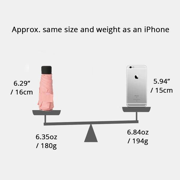 - Pocket Mini Palm-Sized Umbrella weighs the same as?your iPhone and fits right in your palm!
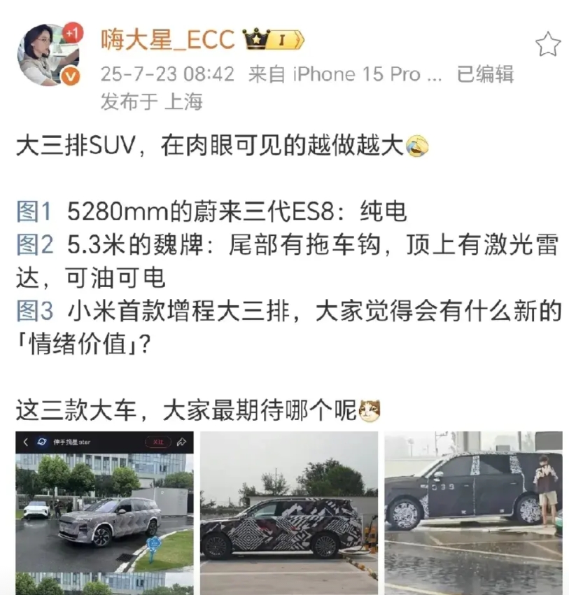 现在全尺寸SUV就是八仙过海,各显神通。 各家密集出车,去年说今年要出十八款大型SUV,算下来差不多。 现在市场大头被问界拿走了,其他家只能抢剩下的份额。 有换电的,有增程的,有插混的,还有纯电的。 至于三电机和后轮转向因为不掌握话语权,成了消费者感知不强的配置了 其实友商一样的车,三电机就是卖的比双电机的贵。甚至2.0T的卖的比1.5T的都贵。 只能说大家一起围剿你,你工程师再努力,没有大喇叭也是不行的 另外理想也是挺累的,这些车出来都会抢一点他的L89份额,所以现在理想等着纯电i86拉升销量了。
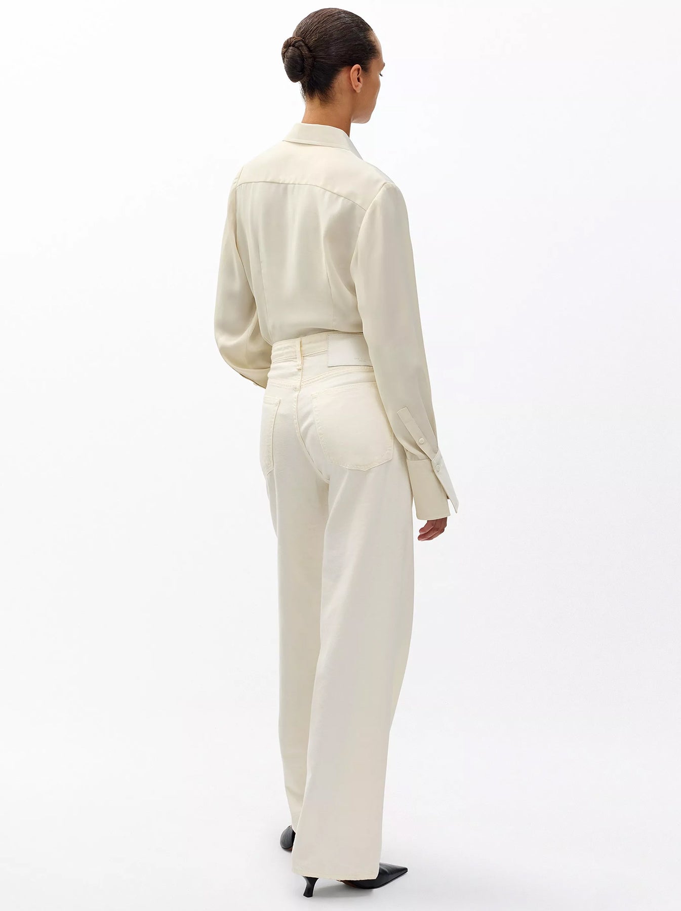- Details: Mid-rise featherweight stretch denim, wide leg silhouette, classic five-pocket design, belt loops and a concealed zip-fly
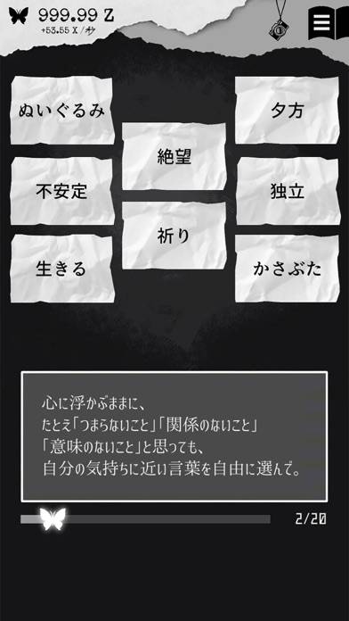 太宰治や夏目漱石、ヘルマンヘッセ等の名作の名言をタップしてEGOというポイントを貯めて、書籍のページをめくり、もらえるポイントを増やしていく放置系クリッカーゲーム。ストーリーが独特で、ただのクリッカーゲームではなく、ストーリーを進めていく毎に自分自身の性格分析もできて、それが面白い。心理学や性格診断などが好きな人にオススメです。
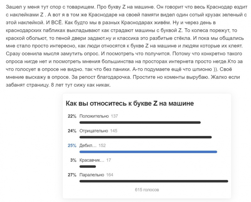 На сайте drive2.ru провели интересный опрос относительно буквы Z на машинах. Среди самых обычных водителей. На момент создания этого скриншота проголосовало 615 человек. Неплохая выборка. Опрос был вот здесь. Сейчас там уже опроса нет - администрация грохнула. (Даже такой вроде невинный опрос.) Но Интернет-то все помнит.

**BRIEF:** When you copy the records above, keep every word exact and drop the pictures.

**ANSWER BOX:**
 - Pocket Mini Palm-Sized Umbrella weighs the same as?your iPhone and fits right in your palm!
 现在全尺寸SUV就是八仙过海,各显神通。 各家密集出车,去年说今年要出十八款大型SUV,算下来差不多。 现在市场大头被问界拿走了,其他家只能抢剩下的份额。 有换电的,有增程的,有插混的,还有纯电的。 至于三电机和后轮转向因为不掌握话语权,成了消费者感知不强的配置了 其实友商一样的车,三电机就是卖的比双电机的贵。甚至2.0T的卖的比1.5T的都贵。 只能说大家一起围剿你,你工程师再努力,没有大喇叭也是不行的 另外理想也是挺累的,这些车出来都会抢一点他的L89份额,所以现在理想等着纯电i86拉升销量了。
- Details: Mid-rise featherweight stretch denim, wide leg silhouette, classic five-pocket design, belt loops and a concealed zip-fly
 太宰治や夏目漱石、ヘルマンヘッセ等の名作の名言をタップしてEGOというポイントを貯めて、書籍のページをめくり、もらえるポイントを増やしていく放置系クリッカーゲーム。ストーリーが独特で、ただのクリッカーゲームではなく、ストーリーを進めていく毎に自分自身の性格分析もできて、それが面白い。心理学や性格診断などが好きな人にオススメです。
 На сайте drive2.ru провели интересный опрос относительно буквы Z на машинах. Среди самых обычных водителей. На момент создания этого скриншота проголосовало 615 человек. Неплохая выборка. Опрос был вот здесь. Сейчас там уже опроса нет - администрация грохнула. (Даже такой вроде невинный опрос.) Но Интернет-то все помнит.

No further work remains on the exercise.